In ClickHouse, you can use temporary tables to achieve similar functionality as table-valued parameters. Temporary tables allow you to store data temporarily during a session, and you can perform various operations on them just like regular tables.

Here’s an example using temporary tables to filter data based on multiple IDs:

  1. Create a temporary table to store the IDs:
clickhouse1 :) CREATE TEMPORARY TABLE tmp_ids ( id Int32 ) ENGINE = Memory;


CREATE TEMPORARY TABLE tmp_ids
(
    `id` Int32
)
ENGINE = Memory

Query id: ef120020-6fa2-48ee-af0a-7ce107fb45b8

Ok.

0 rows in set.
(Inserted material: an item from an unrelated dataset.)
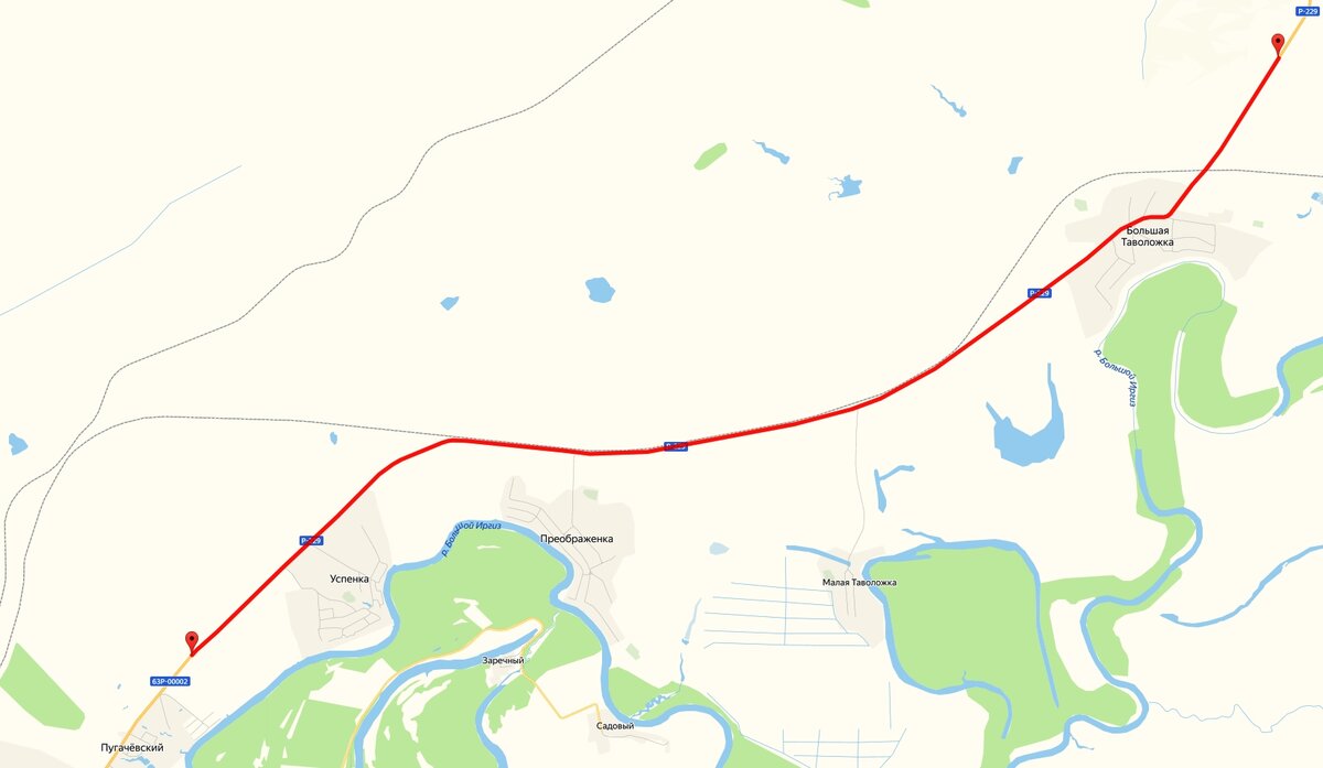 Участок маршрута: Успенка – Преображенка – Малая Таволожка – Большая Таволожка.

Elapsed: 0.001 sec.
  1. Insert data (IDs) into the temporary table:
clickhouse1 :) INSERT INTO tmp_ids VALUES (1), (3), (5);


INSERT INTO tmp_ids FORMAT Values

Query id: 3e9c072e-d8bb-46d3-bf85-0bb4020a411f

Ok.

3 rows in set. Elapsed: 0.002 sec.
  1. Use the temporary table to filter data from the main table (my_table):
clickhouse1 :) SELECT * FROM my_table WHERE id IN (SELECT id FROM tmp_ids);


SELECT *
FROM my_table
WHERE id IN (
    SELECT id
    FROM tmp_ids
)

Query id: 532f4472-144a-4baa-928b-27a6a55289e6

┌─id─┬─name──┐
│  1 │ John  │
│  1 │ John  │
│  3 │ Alice │
│  3 │ Alice │
│  5 │ Eve   │
│  5 │ Eve   │
└────┴───────┘

6 rows in set. Elapsed: 0.005 sec.

In this example, we create a temporary table tmp_ids with a single column id of type Int32. We then insert the IDs 1, 3, and 5 into the temporary table. Finally, we use the temporary table to filter rows from the main table my_table based on the provided IDs.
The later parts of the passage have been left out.